Gerechtshof Arnhem, 28-09-2007, BB5520, 06/00363
Gerechtshof Arnhem, 28-09-2007, BB5520, 06/00363
Gegevens
- Instantie
- Gerechtshof Arnhem
- Datum uitspraak
- 28 september 2007
- Datum publicatie
- 12 oktober 2007
- ECLI
- ECLI:NL:GHARN:2007:BB5520
- Zaaknummer
- 06/00363
Inhoudsindicatie
Omzetbelasting.
Exploitant seksinrichting verricht één dienst.
Uitspraak
GERECHTSHOF ARNHEM
Sector belasting
nummer 06/00363
uitspraak van de tweede meervoudige belastingkamer
op het hoger beroep van
X, wonende te Y (hierna: belanghebbende),
tegen de uitspraak van de rechtbank Arnhem van 21 augustus 2006, nummer AWB 06/577 (hierna: de Rechtbank), in het geding tussen belanghebbende
en
de inspecteur van de Belastingdienst te P (hierna: de Inspecteur).

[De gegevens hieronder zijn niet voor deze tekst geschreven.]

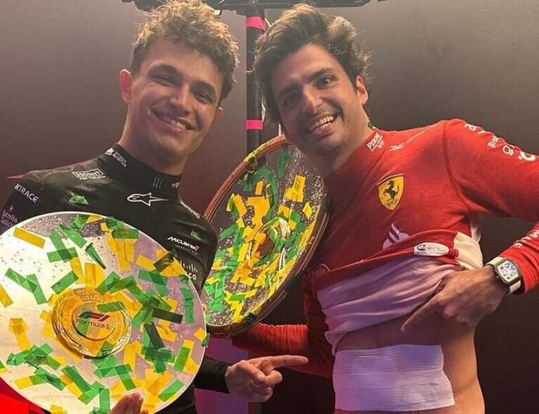 Карлос Сайнс и Ландо Норрис, бывшие напарники по команде "Макларен", снова оказались вместе, но уже на подиуме гонки. После финиша Сайнс выложил фото, на котором они оба с радостью улыбаются.
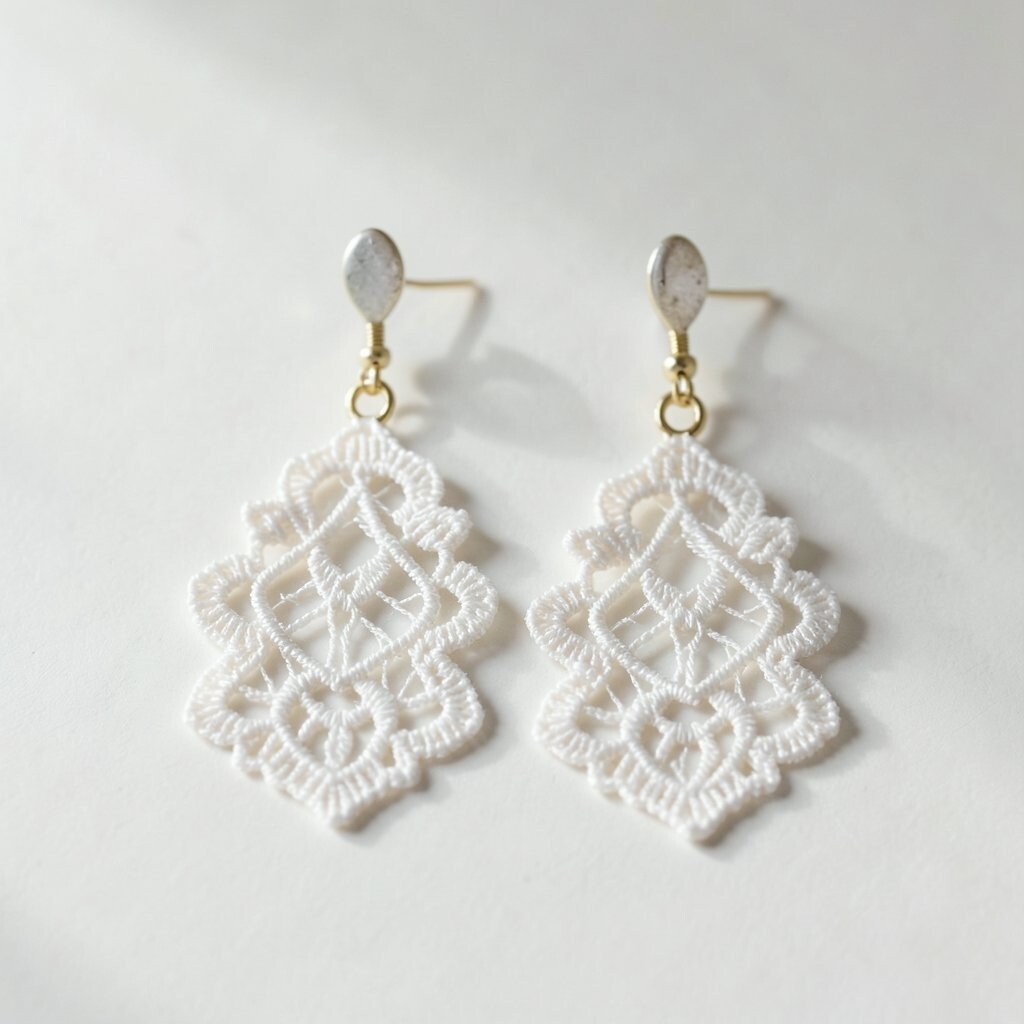 Lace earrings offer a delicate and feminine touch to your style. The intricate patterns mimic the beauty of lace fabric, creating a romantic effect.
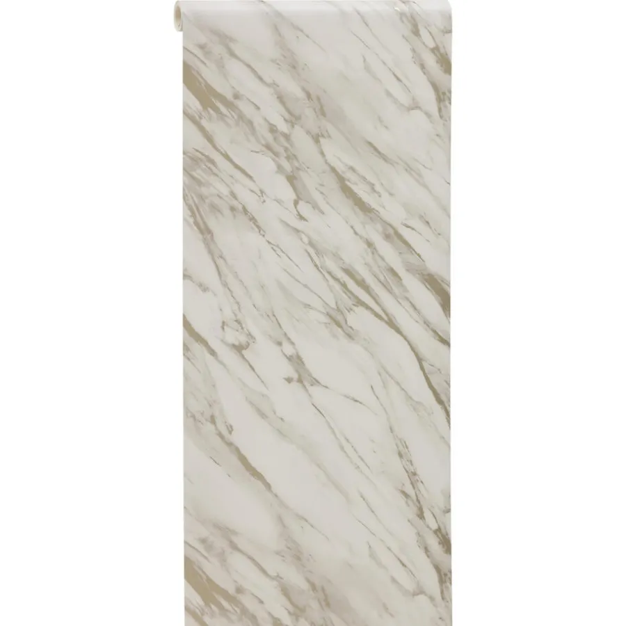 100% vliesbehang Duurzaam Prachtig patroon Vliesbehang Cindy in sfeervolle gouden kleur met een …

1. Het bezwaar en het geding voor de Rechtbank
1.1. Aan belanghebbende is over het tijdvak 1 januari 1999 tot en met 31 december 2001 een naheffingsaanslag in de omzetbelasting opgelegd (aanslagnummer 1159.79.F.01.1501) ten bedrage van € 9.059 alsmede bij beschikking een boete van € 2.264.
1.2. De Inspecteur heeft, na daartegen ingediend bezwaar, bij in één geschrift vervatte uitspraken op bezwaar van 25 november 2005 de naheffingsaanslag verminderd tot € 8.982 en de boete tot nihil. Belanghebbende heeft daartegen beroep aangetekend.
1.3. De Rechtbank heeft het beroep ongegrond verklaard.
2. Het geding voor het Hof
2.1. Belanghebbende heeft hoger beroep aangetekend tegen de uitspraak van de Rechtbank. De Inspecteur heeft een verweerschrift ingediend.
2.2. De mondelinge behandeling van de zaak heeft plaatsgehad ter zitting van het Hof van 23 augustus 2007 te Arnhem. Aldaar zijn verschenen en gehoord belanghebbende en haar gemachtigde, alsmede de Inspecteur. Belanghebbende heeft ter zitting als getuigen meegebracht A en B.
2.3. Voorafgaande aan de zitting heeft belanghebbende bij het Hof een nader stuk als bedoeld in artikel 8:58, eerste lid, van de Algemene wet bestuursrecht ingediend, dat het Hof aan de Inspecteur heeft doorgezonden. Ter zitting heeft belanghebbende een pleitnota voorgedragen en exemplaren daarvan overgelegd aan het Hof en aan de Inspecteur. De inhoud van deze pleitnota dient hier als herhaald en ingelast te worden aangemerkt.
3. De feiten
3.1 Belanghebbende, handelend onder de naam ‘Huize C’, is eigenaar van een flatwoning aan de a-straat 1 te Q. Deze flatwoning bestaat uit een ontvangstruimte, drie kamers (de roze, de groene en de blauwe kamer), een doucheruimte, een toilet en een keuken met verblijfsruimte. Alle kamers zijn voorzien van een bed, een wasgelegenheid, een tv en een alarminstallatie. De roze kamer kan op aanvraag worden ingericht met bijzondere voorzieningen om bepaalde seksuele verrichtingen mogelijk te maken. De gemeente Q heeft aan belanghebbende een vergunning verleend voor het exploiteren van een seksinrichting in de vorengenoemde flatwoning met maximaal drie werkplekken.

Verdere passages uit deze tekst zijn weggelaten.